Among the regression modelling articles, substantial heterogeneity existed among the published hospitalizations rates, perhaps driven by the differences the model inputs and assumptions. Only two publications used regression modelling techniques without influenza laboratory data and each used a different model (ARIMA [17] and linear regression [16]). We also observed differences in how authors handled negative model outputs. Negative estimates of influenza-associated hospitalization can occur with regression models when the number of predicted hospitalizations for a given week are less than the estimated baseline number of hospitalizations based on seasonal patterns of influenza activity and hospitalization numbers. In some studies, these negative values were replaced with zero [29], while other studies maintained the original values produced by the model [9]. Some authors also included additional covariates into their models to help reduce internal variability, such as respiratory syncytial virus circulation [31], public holidays [8], weekly mean temperature [32], and weekly mean relative humidity [32]. Any of these adjustments may have influenced individual estimates, adding to the observed heterogeneity.
Estimates generated using a multiplier technique were even more variable than those generated using regression modelling methods. While the WHO published guidelines for estimating influenza disease burden using a multiplier approach in 2015 [6], many articles were published before the guidelines were published or interpreted the guidelines differently [30]. For example, some articles analyzed monthly [33] or annual [34,35] data. Some incorporated adjustment factors to account for testing practices and influenza diagnostic test type [12], whereas others did not. Some adjusted their estimates to account for potential admissions in hospitals in the surrounding area [30], whereas others did not. Additionally, articles using multiplier techniques used either administrative databases or symptom-based patient identification depending on available data in a country.

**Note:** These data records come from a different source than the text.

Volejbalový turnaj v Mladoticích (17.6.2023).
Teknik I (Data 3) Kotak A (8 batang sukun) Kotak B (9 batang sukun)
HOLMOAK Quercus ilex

We also observed a high variability in published rates among articles using certain case definitions, such as laboratory-confirmed influenza. This variability may be in part due to differences in testing practices: differences in determining which patients are tested for influenza viruses, including per-protocol following uniformly applied case definitions or relying on clinician discretion, and the use of different influenza diagnostics tests [12,36]. While using a case definition of laboratory-confirmed influenza hospitalizations may be most specific, this approach may actually underestimate true influenza burden if few hospitalized patients with influenza illness are tested [9,37]. County-specific studies looking at practitioner testing practices could be useful to create an adjustment factor to account for this under reporting and variability, such as the adjustment used by researchers in the United States [12]. On the other hand, removing the condition for laboratory confirmation and attributing hospitalizations to influenza based on a broader case definition risks inflating the influenza-associated hospitalization estimates [38]. Additional studies are needed to explore the range of diagnoses and complications among individuals hospitalized with laboratory-confirmed influenza.

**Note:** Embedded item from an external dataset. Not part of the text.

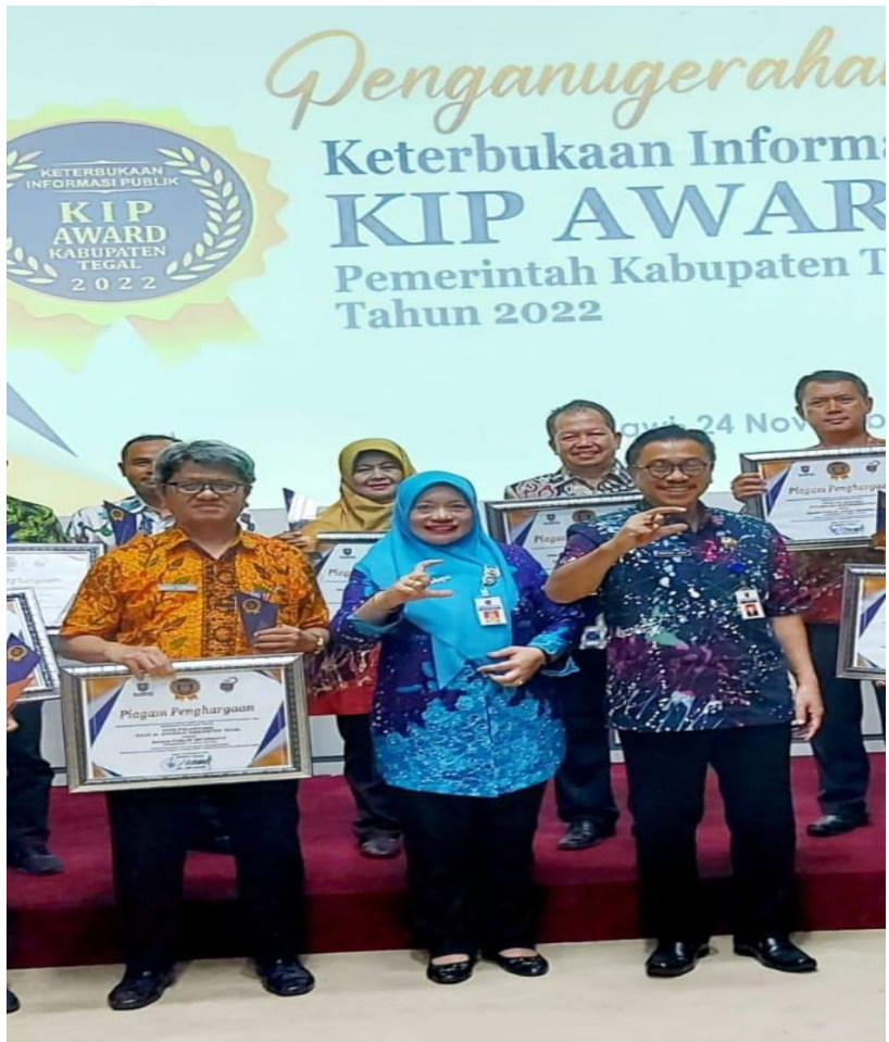
Gambar 2.6 Penganugerahan KIP Award Pemerintah Kabupaten Tegal Tahun 2022

We observed that, during the past decade, more countries have published estimates of influenza-associated hospitalization burden. Despite this trend, the majority of articles identified in this study were from the United States and other high-income countries. In recent years, lower- or middle-income countries are beginning to report on burden estimates, as many have improved and expanded their surveillance capacity for influenza [5]. Influenza and Other Respiratory Viruses published a supplemental issue focused on estimates of influenza burden in 2018 that highlights this improvement in capacity [39]. Among the supplemental articles, of which 11 were included in this review, seven were from countries that had not previously published burden estimates. Additionally, the regional WHO offices in the Eastern Mediterranean and Western Pacific regions also published specific supplements, in 2016 and 2018, respectively, for influenza disease burden estimates [40,41]. While the growing literature is encouraging, we hope to see continued efforts to pursue and publish consistent estimates of seasonal influenza burden, specifically from under-represented areas like the Eastern Mediterranean and South-East Asia regions.
We excluded many articles during the full text review because the authors were not able to estimate the hospitals’ catchment population (denominator) precluding them from being able to generate population-based rate estimates. This may have limited the number of countries included in this study. To address this limitation, WHO published an approach in 2015 to assist countries conducting influenza virus sentinel surveillance to estimate hospital catchment populations [6]. While only five extracted articles [30,34,42-44] in this analysis used the WHO approach, a number of additional articles have been published after our search period from countries that have previously not published estimates of influenza-associated hospitalization burden [45-47].
While we were not able to pool results from our systematic review of the literature, published estimates of global influenza-associated hospitalization burden do exist. Wang X et al. [48] and The Global Burden of Disease 2017 Influenza Collaborators [49] have published global estimates of influenza-associated acute lower respiratory infection hospitalizations in children <5 years and influenza lower respiratory tract infection hospitalizations, respectively. Both groups use a combination of published and unpublished country-level data to model burden focusing on a specific outcome measure, lower respiratory tract infections. While these estimates provide one interpretation of influenza hospitalization burden, they do not account for alternative case definitions (outcomes) or methods for estimating influenza hospitalization burden that are used globally and we identified in our systematic review.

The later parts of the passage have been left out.